The fuzzer generated by PDFuzzerGen judges whether an exception is triggered by monitoring the return result of the callback function. Consequently, inaccurate fuzzers may produce invalid crashes and exceptions, which may not happen on a normal use device. There are two possible reasons for this. On one hand, it may be due to the limited performance of the bare-metal device. When the message sending of fuzzing is too fast, some devices may experience short-time freezes or wait for the request to be processed. When the waiting time exceeds the threshold of the fuzzer, an exception will be thrown, leading to a false positive. On the other hand, it may be because the behavior of some simulated devices is not the same as the bare-metal device. Some crashes triggered on simulated devices may not be triggered on bare-metal devices. The first case can be mitigated by adjusting the timeout waiting time of the monitoring policy in PDFuzzerGen, but this will result in a certain degree of fuzzing efficiency reduction. But what is interesting is that timeouts caused by device performance problems are often accompanied by potential denial of service vulnerabilities, which are common in smart devices. So the short time manual verification here is worthwhile. The second case can be solved by testing on the bare-metal device and the simulated device at the same time, but this will undoubtedly increase the labor expense and time consumption. But, fortunately, the number of such cases is relatively small, so this verification will only generate less time overhead.

6.7. More Protocols

In the current implementation of PDFuzzerGen, we only focus on the Web interface on smart devices. However, there are no special technical obstacles to migrating the policy-driven fuzzer generation method and PDFuzzerGen to other smart device services, such as FTP, SMB, UPnP services, and so on.

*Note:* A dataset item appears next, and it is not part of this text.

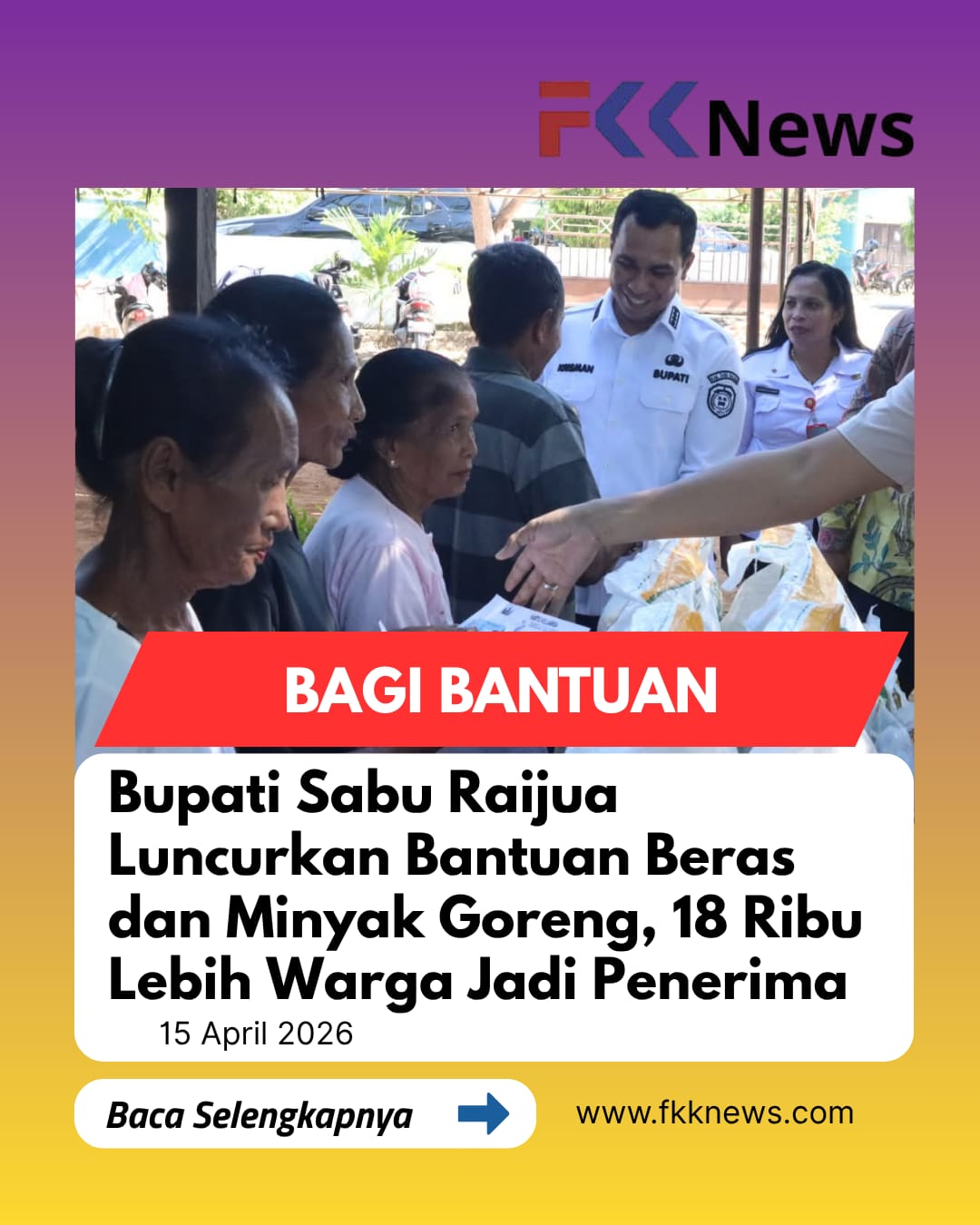“Bantuan ini untuk meringankan beban, bukan menggantikan tanggung jawab keluarga. Gunakan dengan baik dan penuh rasa syukur,” pesannya.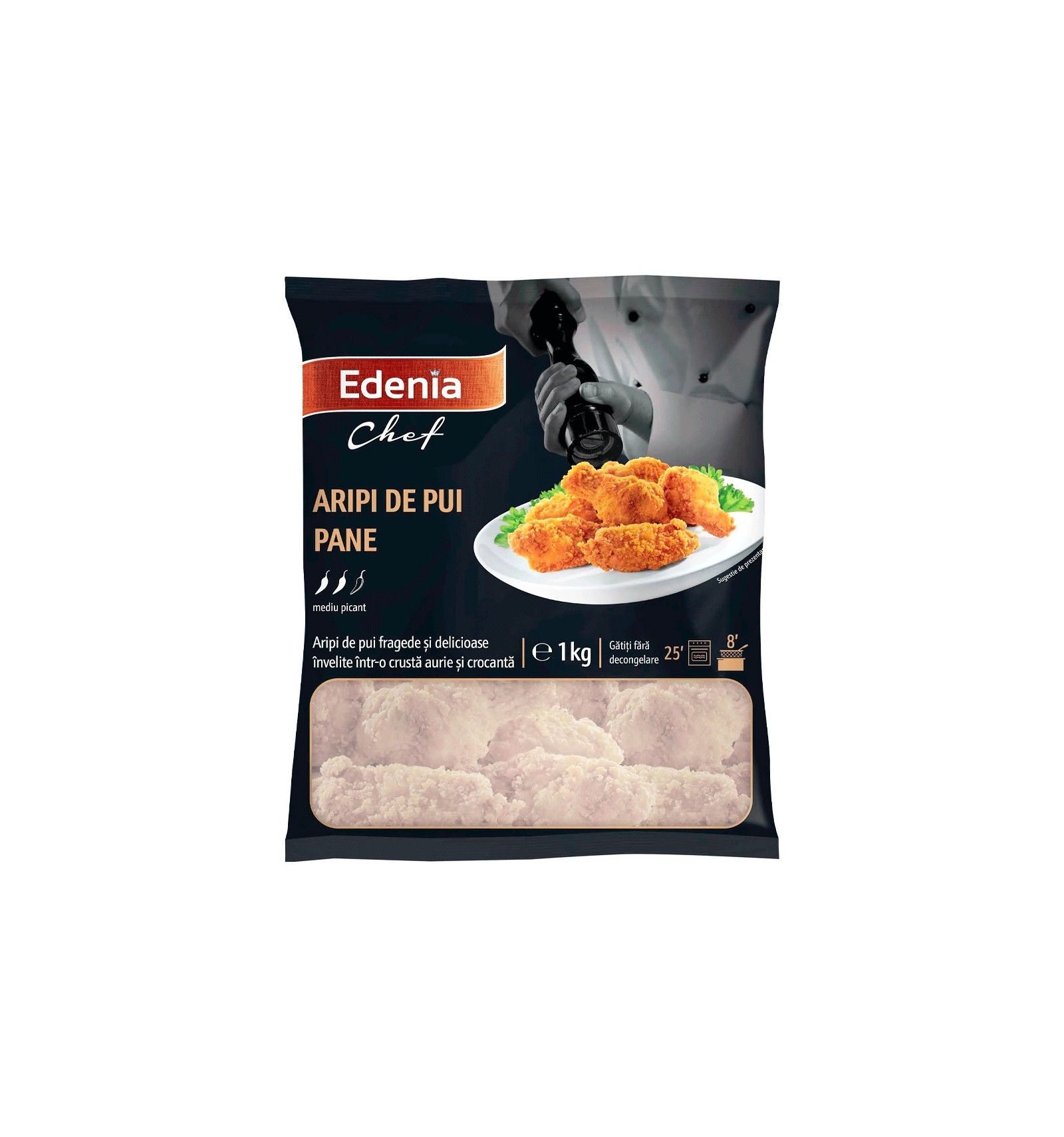 Ingredientes: Alitas de pollo 83%, harina de TRIGO, almidón (TRIGO, maíz, arroz), aceite de colza, sal, almidón modificado, especias, agentes de levadura (difosfatos, carbonato de sodio), extracto de levadura, glucosa, extracto de especias, verduras deshidratadas (APIO, ajo), colorante (extracto de pimentón). Alergenos: TRIGO, APIO.

An inspiring example is that we simply migrated PDFuzzerGen to the SMB service and then tested a smart device with SMB service enabled by default, which finally found a memory corruption vulnerability and was assigned a CNVD: CNVD-2021-30168.

7. Conclusion

We came up with a new technique called policy-driven fuzzer generation. Supported by this technique, PDFuzzerGen, a black-box fuzzer generation framework was proposed to support an automatic fuzzing of deep-level functional components on smart devices through a Web interface. Instead of directly mutating a raw message, PDFuzzerGen analyzes a message, formulates a variety of driving policies, and synthesizes fuzzers to reduce labor expense and development time consumption. We tested PDFuzzerGen on 19 real-world devices. PDFuzzerGen found more vulnerabilities than manually crafted black-box fuzzers in less time. Overall, PDFuzzerGen discovers 14 previously unknown vulnerabilities with two CVEs and five CNVDs.

Data Availability

The data used to support the findings of this study are available from the corresponding author upon request. The disclosed security vulnerabilities found in this paper can be accessed in the CVE (https://cve.mitre.org/) and CNVD (http://www.cnvd.org.cn).

Conflicts of Interest

The authors declare that they have no conflicts of interest.

Acknowledgments

This work was supported, in part, by the Open project of the State Key Laboratory of Computer Architecture, Neural Network Enhanced Symbolic Execution Algorithm Research (CARCH201910) and the Fundamental Research Funds for the Central Universities under grant nos. 3132018XNG1814 and 3132018XNG1815.